## EXERCISE INPUT:
--------

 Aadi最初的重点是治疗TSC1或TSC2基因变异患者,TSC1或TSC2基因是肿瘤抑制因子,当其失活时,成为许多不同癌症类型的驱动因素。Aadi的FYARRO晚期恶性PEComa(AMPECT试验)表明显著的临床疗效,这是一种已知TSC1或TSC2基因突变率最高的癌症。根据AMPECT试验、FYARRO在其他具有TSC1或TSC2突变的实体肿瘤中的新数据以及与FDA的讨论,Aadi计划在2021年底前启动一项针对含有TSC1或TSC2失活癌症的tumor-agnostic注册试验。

--------

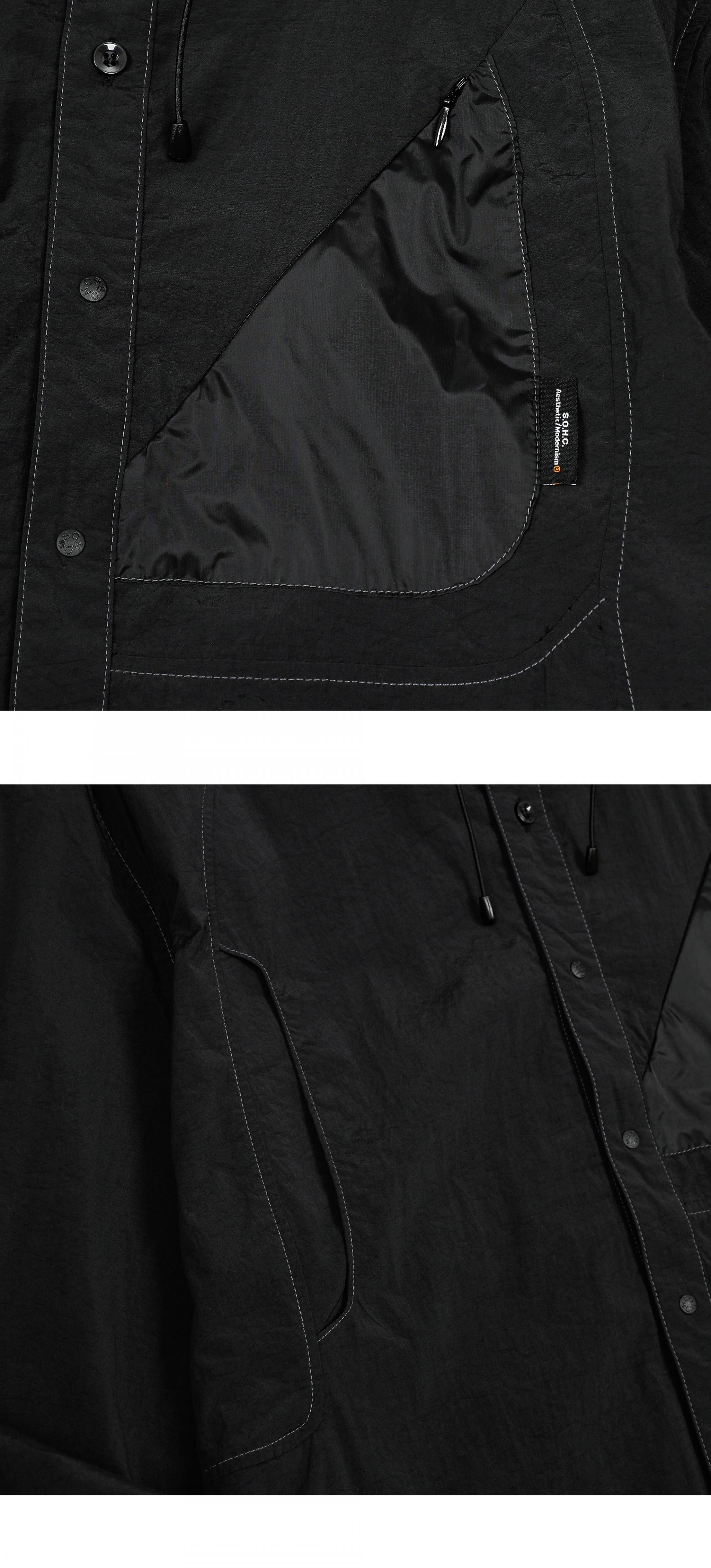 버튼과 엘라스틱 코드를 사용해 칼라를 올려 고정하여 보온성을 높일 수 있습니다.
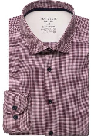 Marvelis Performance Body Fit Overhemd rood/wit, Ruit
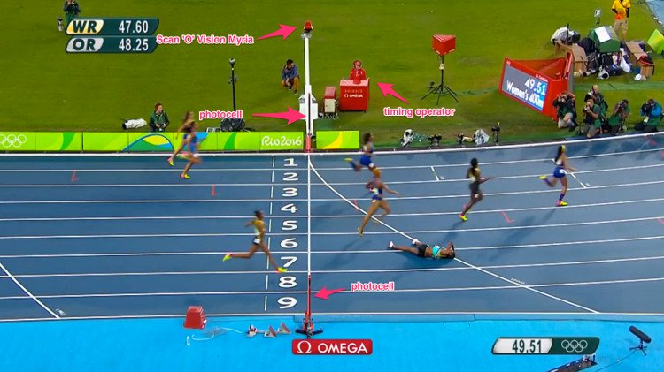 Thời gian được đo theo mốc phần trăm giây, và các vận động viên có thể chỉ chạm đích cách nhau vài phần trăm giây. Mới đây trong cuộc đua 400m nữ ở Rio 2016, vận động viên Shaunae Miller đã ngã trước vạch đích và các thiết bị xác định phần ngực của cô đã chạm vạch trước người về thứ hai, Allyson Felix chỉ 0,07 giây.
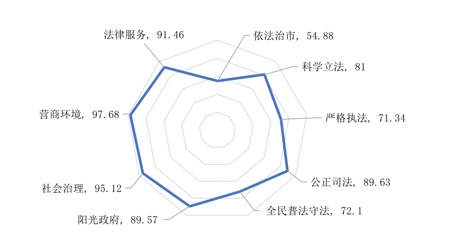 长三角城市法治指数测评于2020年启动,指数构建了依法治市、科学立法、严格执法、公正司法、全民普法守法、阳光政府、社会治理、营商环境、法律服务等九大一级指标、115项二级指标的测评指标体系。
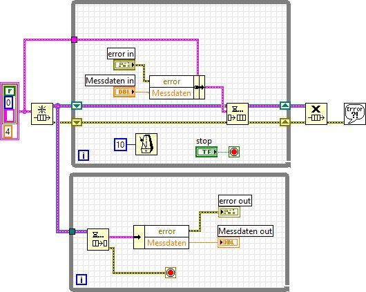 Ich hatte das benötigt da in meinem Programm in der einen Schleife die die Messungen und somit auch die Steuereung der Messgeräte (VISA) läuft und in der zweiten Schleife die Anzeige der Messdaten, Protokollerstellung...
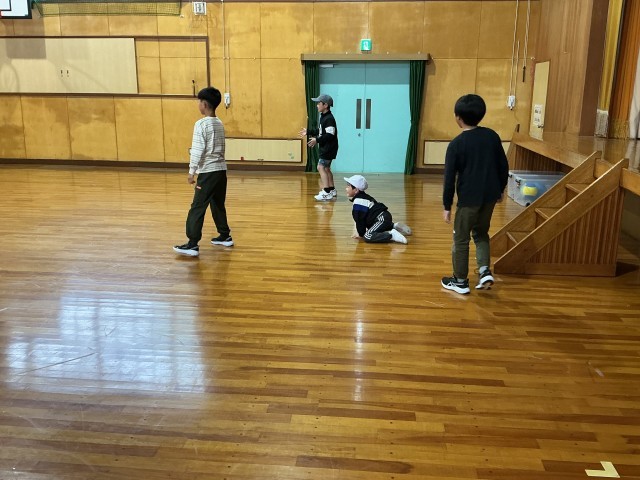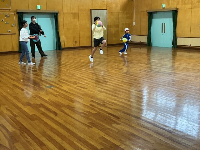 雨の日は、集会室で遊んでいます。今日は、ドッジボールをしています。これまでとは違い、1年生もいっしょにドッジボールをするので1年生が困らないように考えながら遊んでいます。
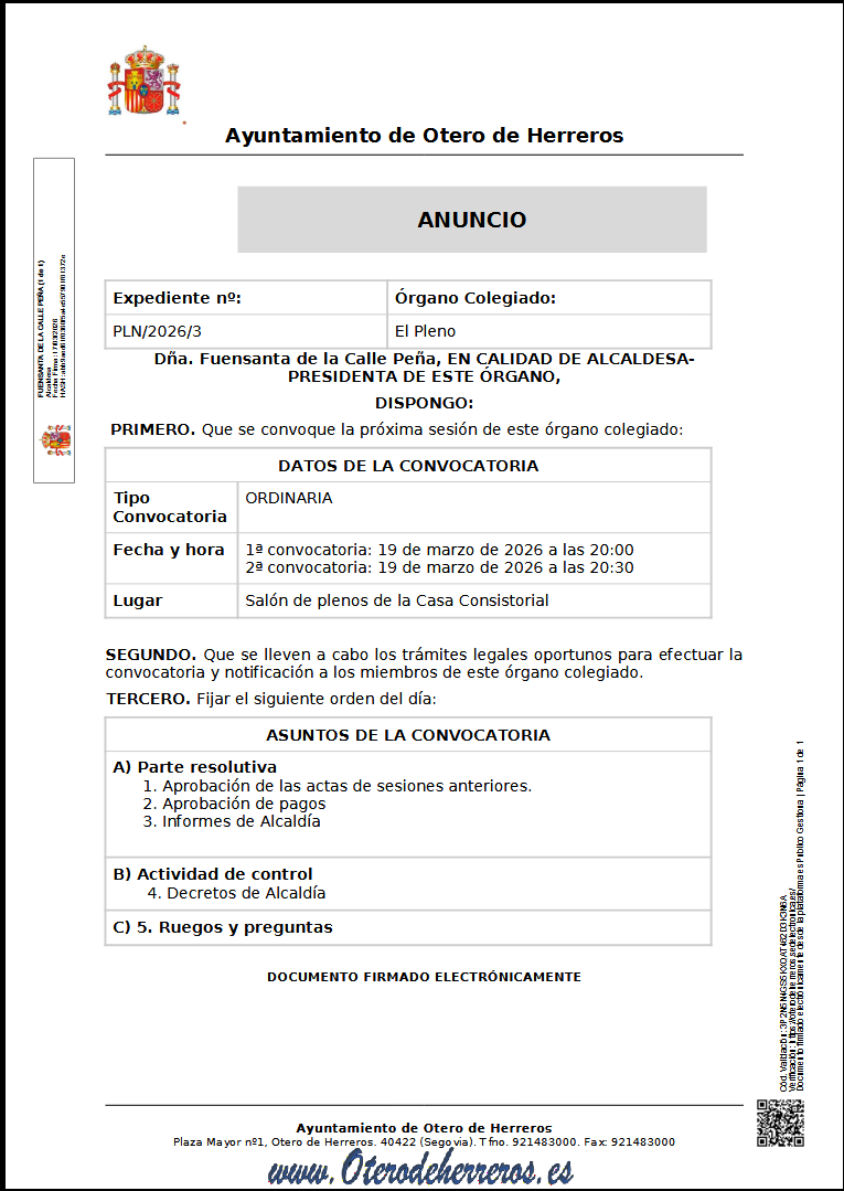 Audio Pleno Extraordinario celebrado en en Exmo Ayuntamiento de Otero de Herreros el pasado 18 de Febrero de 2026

--------

## PROBLEM DETAILS:
Leaving all pictures out, output exactly the lines of the material above from the line with "长三角城市法治指数测评于20" to the line with "Audio Pleno Extraordinario", both included.

## WRITTEN ANSWER:
 长三角城市法治指数测评于2020年启动,指数构建了依法治市、科学立法、严格执法、公正司法、全民普法守法、阳光政府、社会治理、营商环境、法律服务等九大一级指标、115项二级指标的测评指标体系。
 Ich hatte das benötigt da in meinem Programm in der einen Schleife die die Messungen und somit auch die Steuereung der Messgeräte (VISA) läuft und in der zweiten Schleife die Anzeige der Messdaten, Protokollerstellung...
 雨の日は、集会室で遊んでいます。今日は、ドッジボールをしています。これまでとは違い、1年生もいっしょにドッジボールをするので1年生が困らないように考えながら遊んでいます。
 Audio Pleno Extraordinario celebrado en en Exmo Ayuntamiento de Otero de Herreros el pasado 18 de Febrero de 2026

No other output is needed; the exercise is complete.